▼

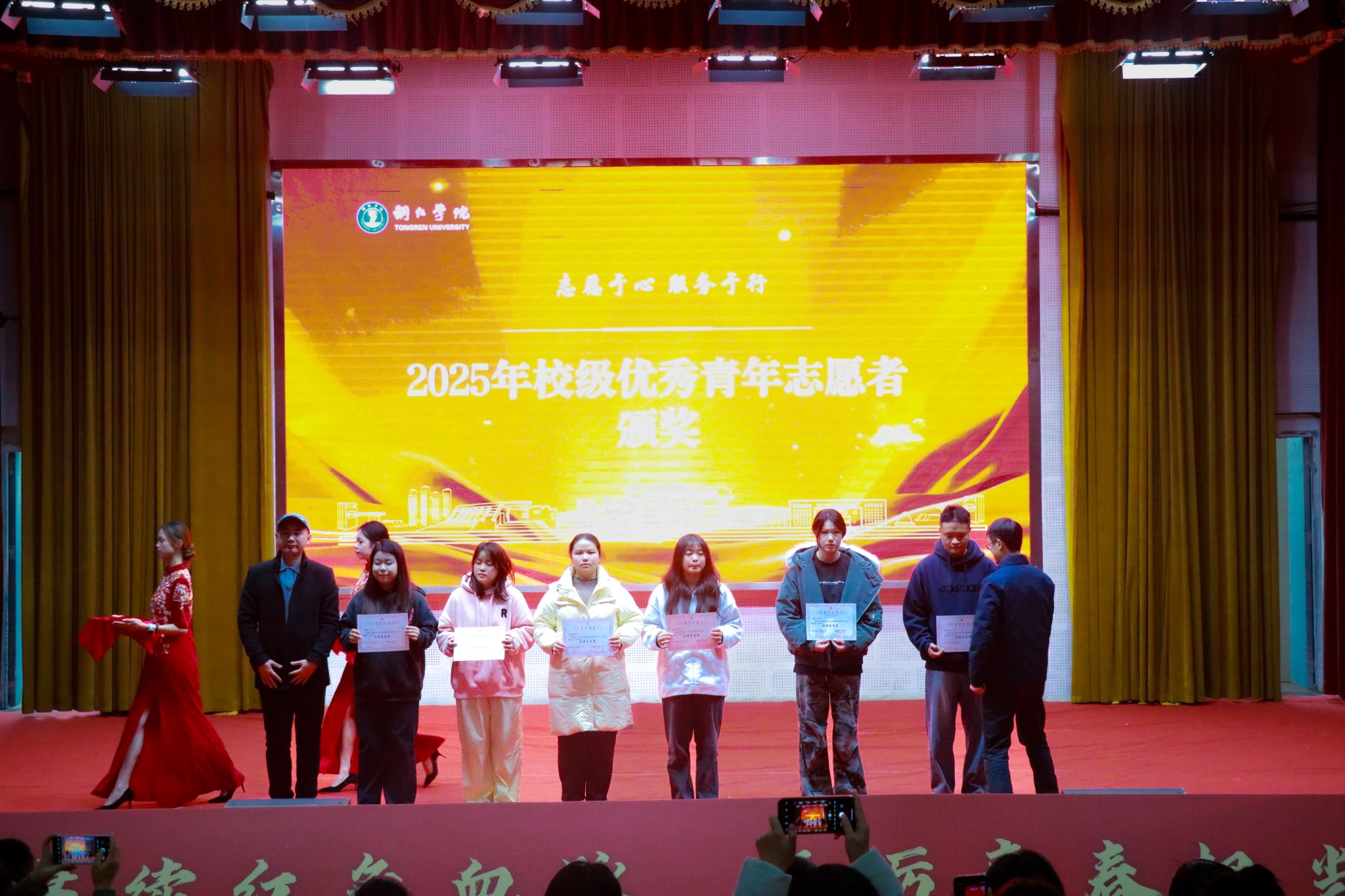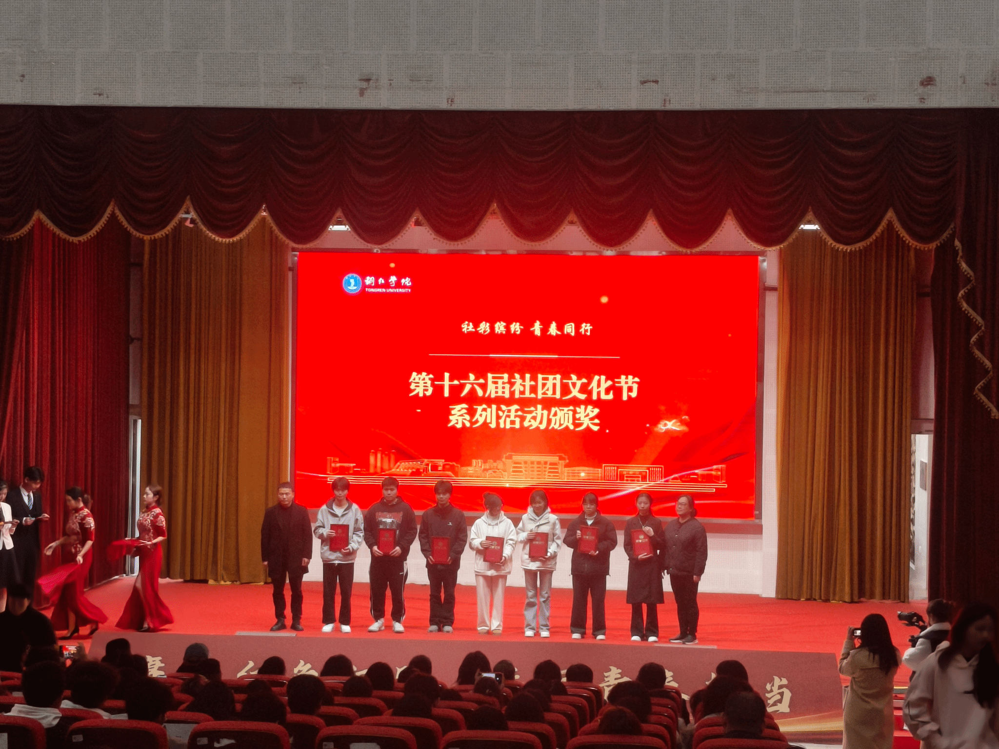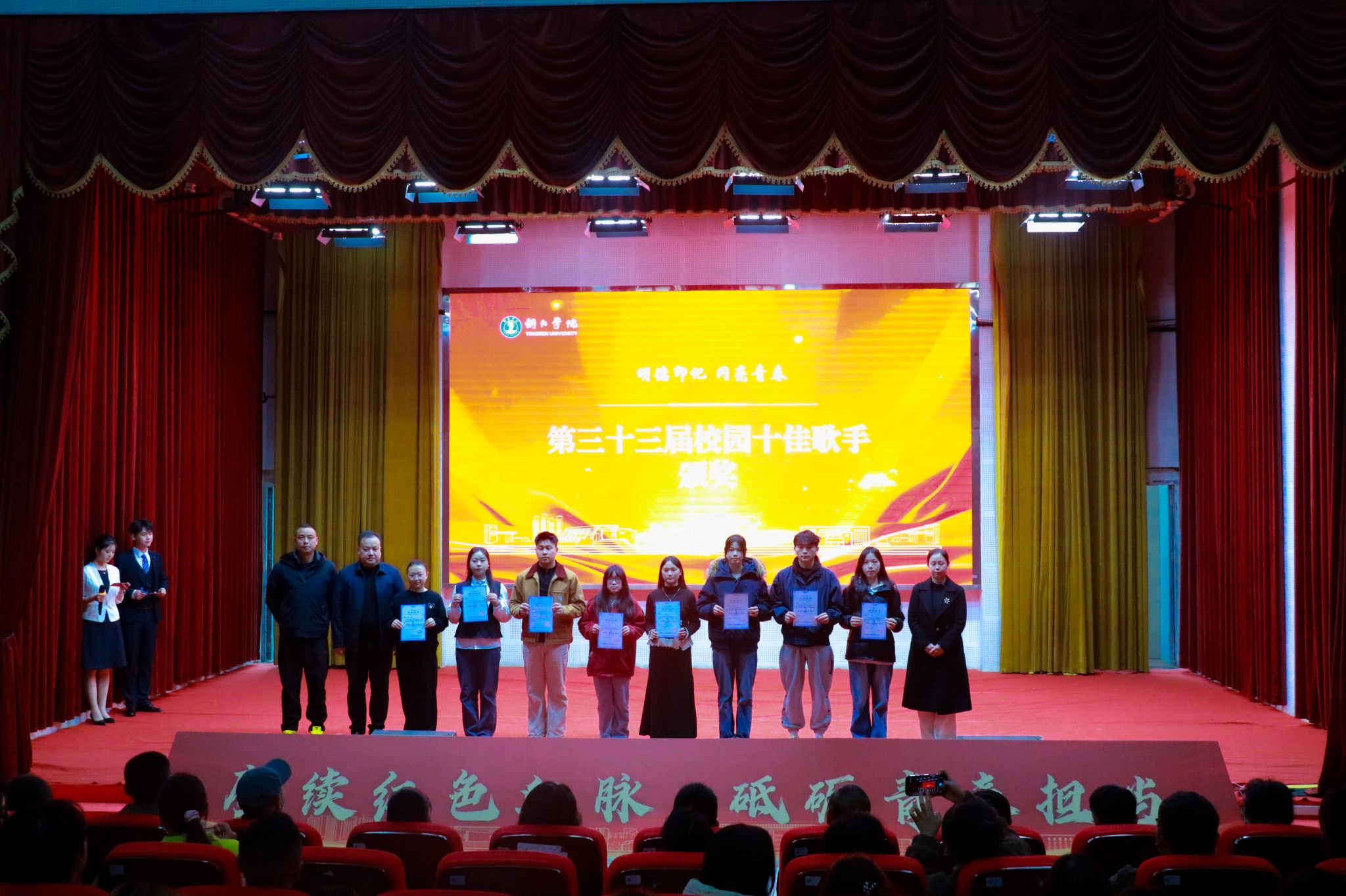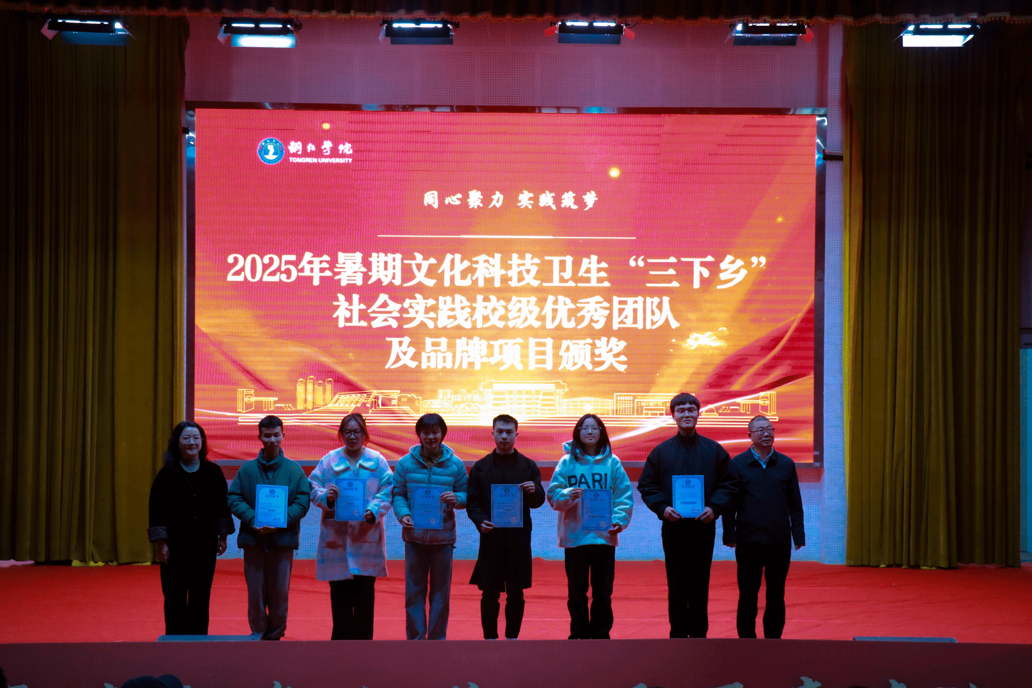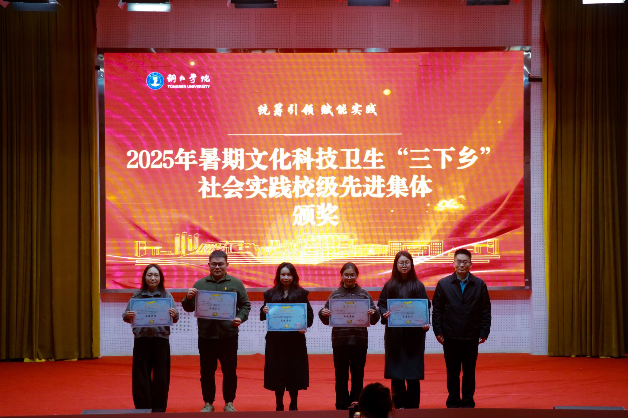 活动还举行了颁奖仪式,对在社团文化节、校园十佳歌手大赛、志愿服务、暑期“三下乡”社会实践等活动中表现优异的集体和个人进行表彰。文学与传媒学院、大数据学院、艺术学院、马克思主义学院、经济管理学院荣获2025年暑期“三下乡”社会实践校级优秀集体称号。
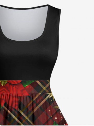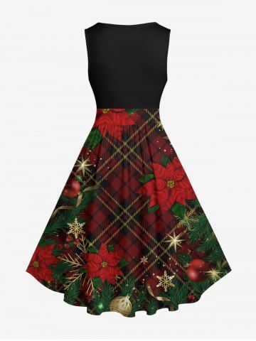 Plus Size Christmas Ball Snowflake Floral Leaf Plaid Glitter Stars Print Vintage Swing A Line Dress - Black - S
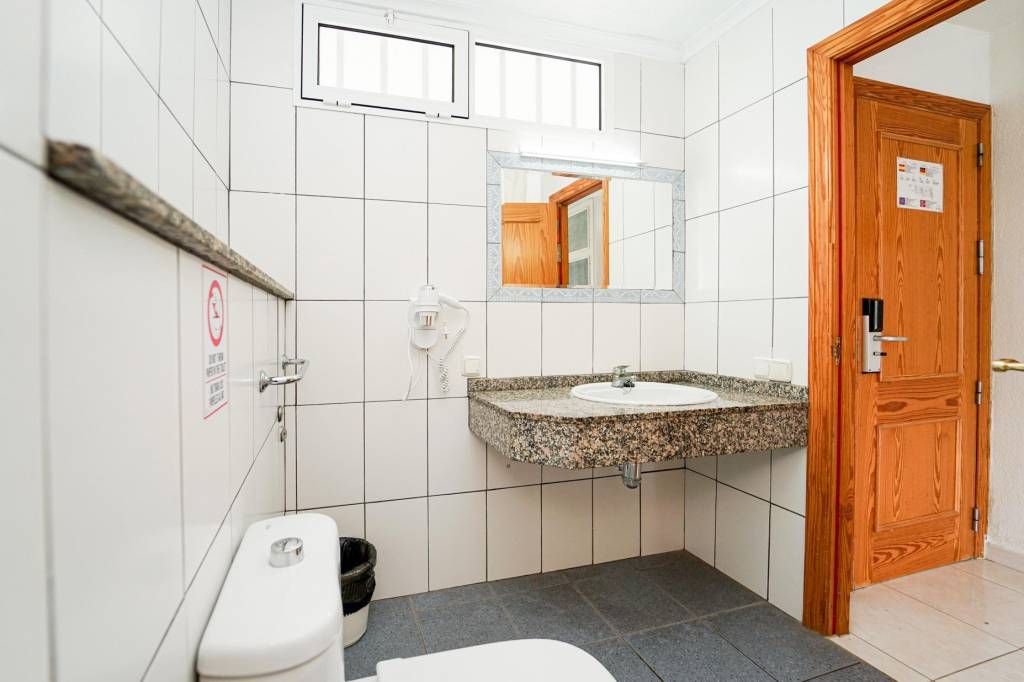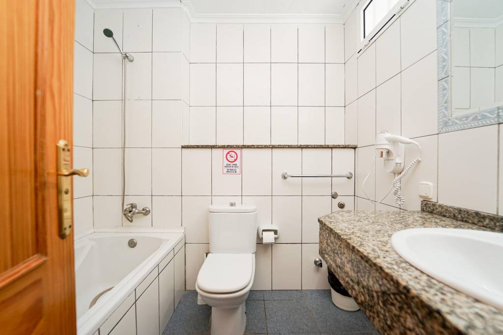Baño, salón-comedor-dormitorio, hall y terraza con vistas al mar.
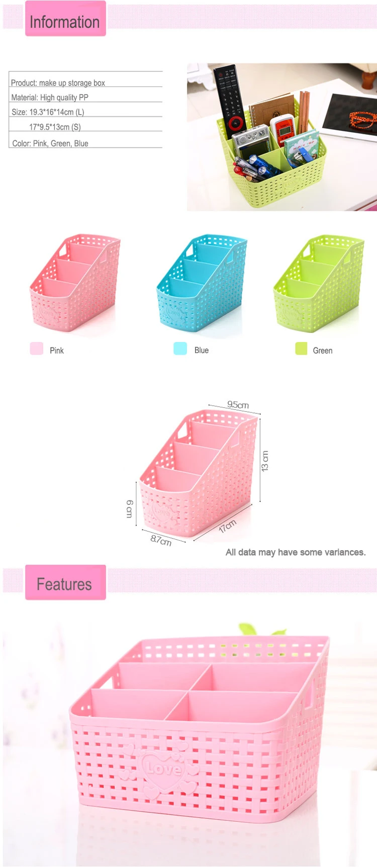 | Color | Blue/Green/Pink/Khaki |
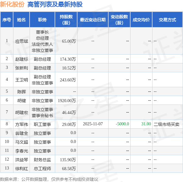 新化股份近半年内的董监高及核心技术人员增减持详情如下:
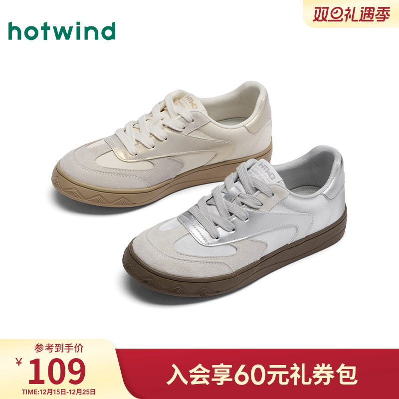 热风平底德训鞋女款2025年冬季新款银色户外休闲鞋子通勤轻便女鞋
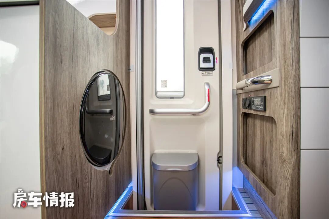 位于车厢中门一侧,则提供了一组储物柜,在驻车以后便于摆放一些随身物品,下方提供了一台带有烘干功能的大宇洗衣机。
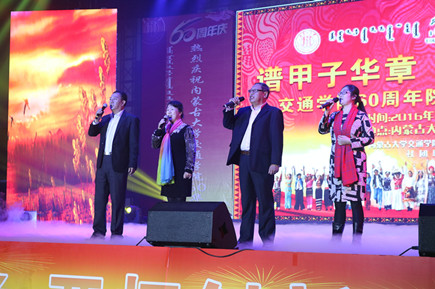 第三篇章“憶崢嶸歲月,展興業(yè)宏圖”,歌曲《光榮》為老師送上了殷殷祝福;舞蹈《來(lái)自西域的祝?!?,精巧的服飾,優(yōu)雅的舞蹈,給人以美的享受;小品《為交院干杯》,用詼諧幽默的語(yǔ)言訴說(shuō)了學(xué)院六十年的風(fēng)雨兼程;最后,鄒豪思,潘靜,穆懷旗,馬紅文四位老師為大家獻(xiàn)上歌曲《為內(nèi)蒙古喝彩》,歌頌了廣闊無(wú)垠的內(nèi)蒙古雄偉遼闊,見(jiàn)證著內(nèi)蒙古大學(xué)交通學(xué)院的崛起輝煌。
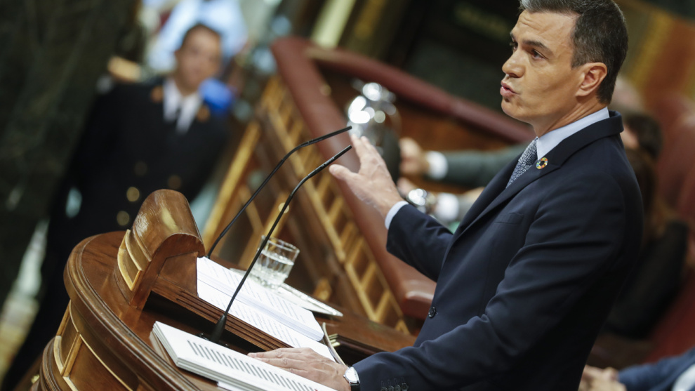 El president del Govern espanyol, Pedro Sánchez, durant la intervenció en el debat sobre l'estat de la nació, aquest dimarts al Congrés. Javier Lizon / EFE

▲

WORK TO BE COMPLETED:
Please give again, word for word, the lines from the one containing "热风平底德训鞋女款2025年冬季新款银色户外休闲鞋子通勤轻便女鞋" through the last line of the listing above, inclusive, and leave out pictures.

EXERCISE OUTPUT:
 热风平底德训鞋女款2025年冬季新款银色户外休闲鞋子通勤轻便女鞋
 位于车厢中门一侧,则提供了一组储物柜,在驻车以后便于摆放一些随身物品,下方提供了一台带有烘干功能的大宇洗衣机。
 第三篇章“憶崢嶸歲月,展興業(yè)宏圖”,歌曲《光榮》為老師送上了殷殷祝福;舞蹈《來(lái)自西域的祝?!?,精巧的服飾,優(yōu)雅的舞蹈,給人以美的享受;小品《為交院干杯》,用詼諧幽默的語(yǔ)言訴說(shuō)了學(xué)院六十年的風(fēng)雨兼程;最后,鄒豪思,潘靜,穆懷旗,馬紅文四位老師為大家獻(xiàn)上歌曲《為內(nèi)蒙古喝彩》,歌頌了廣闊無(wú)垠的內(nèi)蒙古雄偉遼闊,見(jiàn)證著內(nèi)蒙古大學(xué)交通學(xué)院的崛起輝煌。
 El president del Govern espanyol, Pedro Sánchez, durant la intervenció en el debat sobre l'estat de la nació, aquest dimarts al Congrés. Javier Lizon / EFE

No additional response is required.